Who will win this year’s National Book Award for young people’s literature?
By Janice Harayda
A swamp of judging conflicts of interest. An orgy of self-congratulation for the publishing industry. A chance to learn about good books you might have missed. The National Book Awards are all of those, and you may see evidence of some of it when they prizes are handed out tomorrow night at Cipriani Wall Street.
During the run-up, I’ve been tweeting micro-reviews of excerpts from finalists’ books and using them to try to predict the winners in every category except poetry, where apparent judging conflicts of interest reduce the odds that my method might work. My fiction and nonfiction predictions appeared earlier this month, and to judge by the finalists’ excerpts, the young people’s literature award should go to Chime or Flesh and Blood So Cheap.

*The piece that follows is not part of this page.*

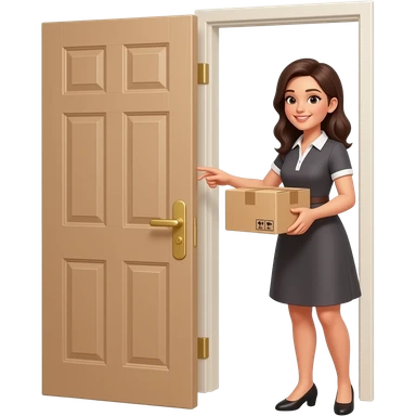 pretty girl with dress opening a door to pick up her package emoji

Chime. A folkloric fantasy with the best opening by a mile among National Book Awards YA fiction finalists. Grade: A Based on this excerpt.
Flesh and Blood So Cheap. Vivid nonfiction about the Triangle Shirtwaist fire. Grade: A Based on this excerpt.
Inside Out and Back Again. Unexciting poetry in a high-degree-of-difficulty novel in verse. Grade: B Based on this excerpt.
My Name Is Not Easy. Too little drama for an excerpt with a gun in the first paragraph Grade: B- Based on this excerpt.
Okay for now. Alexie-ish fun, but maybe more Newbery than National Book Awards. Grade: B Based on this excerpt.
You may also want to read “The National Book Awards Debacle Was an Accident Waiting to Happen — 7 Ways to Restore Credibility to the Prizes.”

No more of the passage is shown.